As already mentioned, PREMIS [@premis3.0-2017] is used to describe technical metadata of digital objects, rights metadata to define the rights status in relation to specific agents or for specific objects, and to record events that are relevant regarding the digital provenance of digital objects.

In the following sections, the PREMIS format and the way that it relates to the METS elements is described in detail.
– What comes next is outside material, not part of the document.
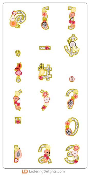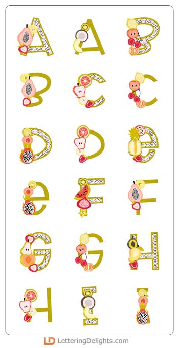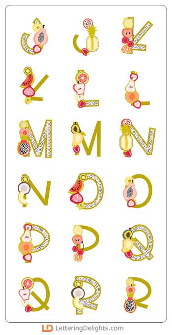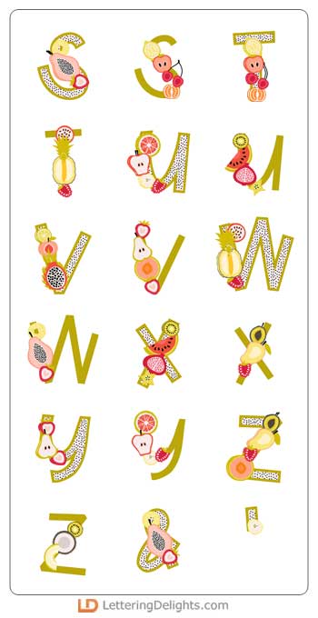 This alphabet coordinates with our Fruitilicious Collection and features all the delicious fruit.

NOTE: in the listings showing PREMIS code parts, the prefix “premis” is omitted (default namespace is the PREMIS namespace9) while the “mets” prefix is explicitly added if a relation to the METS file is explained.

Vocabulary

The definition of a vocabulary for PREMIS is an ongoing process, therefore there is no exhaustive list of vocabularies that are to be used exclusively.
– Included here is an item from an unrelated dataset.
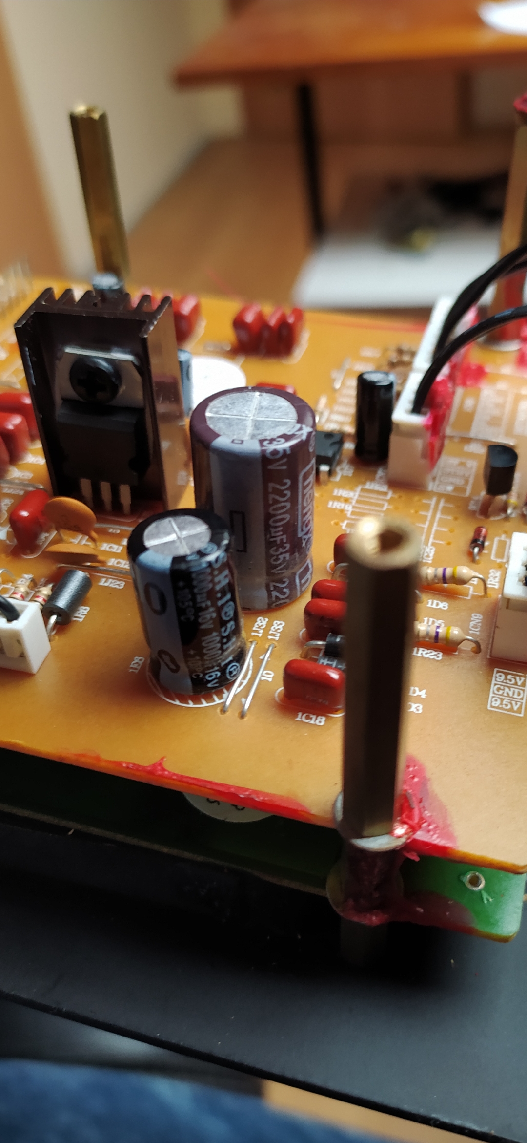 Jaký kondenzátor tam dle vás mohl být? Můj odhad je 25V a 3500uf, tyhle čísla mám v hlavě. Na obrázku je to ten hnědý (to je ten náhradní).

The basis of the preservation vocabulary is the preservation schemes provided by the Library of Congress (LoC).10 Additionally, recent contributions by the PREMIS Implementers Group (which are still “work in progress”) are taken into consideration.11

PREMIS object

The PREMIS object contains technical information about a digital object.

Object identifier

AIP-ID-LOCAL: If an identifier of type local is used, this identifier SHOULD be unique in the scope of the PREMIS document.

AIP-ID-OTHER: Other object identifiers of the allowed types COULD be used additionally to the identifier of type local.

Listing 10 shows an example of an identifier of type local.

<objectIdentifier>
	<objectIdentifierType>local</objectIdentifierType>
	<objectIdentifierValue>fileId001</objectIdentifierValue>
</objectIdentifier>

Listing 10: Object identifier

Checksums

AIP-PREMIS-CHECKSUMS: Checksums COULD be provided as a descendant of the objectCharacteristics element information in form of a SHA-256 hashsum, a fixed size 256-bit value.

An example is shown in Listing 11.

<fixity>
	<messageDigestAlgorithm>SHA-256</messageDigestAlgorithm>
	<messageDigest>3b1d00f7871d9102001c77f...</messageDigest>
	<messageDigestOriginator>/usr/bin/sha256sum</messageDigestOriginator>
</fixity>

Listing 11: Hashsum (value shortened)

File format

AIP-PREMIS-FILE-FORMAT: The format element COULD be provided either using the formatRegistry or the formatDesignation element subelements, or both.

AIP-PREMIS-FILE-FORMAT-PUID: Regarding the formatRegistry, the Persistent Unique Identifier (PUID)12 based on the PRONOM technical registry13 COULD be used.

An example is shown in Listing 12.

<format>
    <formatDesignation>
        <formatName>XML</formatName>
        <formatVersion>1.0</formatVersion>
    </formatDesignation>
    <formatRegistry>
    	<formatRegistryName>PRONOM</formatRegistryName>
    	<formatRegistryKey>fmt/101</formatRegistryKey>
    	<formatRegistryRole>specification</formatRegistryRole>
    </formatRegistry>
</format>

Listing 12: Optionally, the format version can be provided using the formatDesignation element.

Object characterisation

AIP-PREMIS-CHARACTERISATION: The JHOVE14 technical characterisation result (XML format) COULD be embedded as a descendant of the objectCharacteristicsExtension element. An example is shown in Listing 13.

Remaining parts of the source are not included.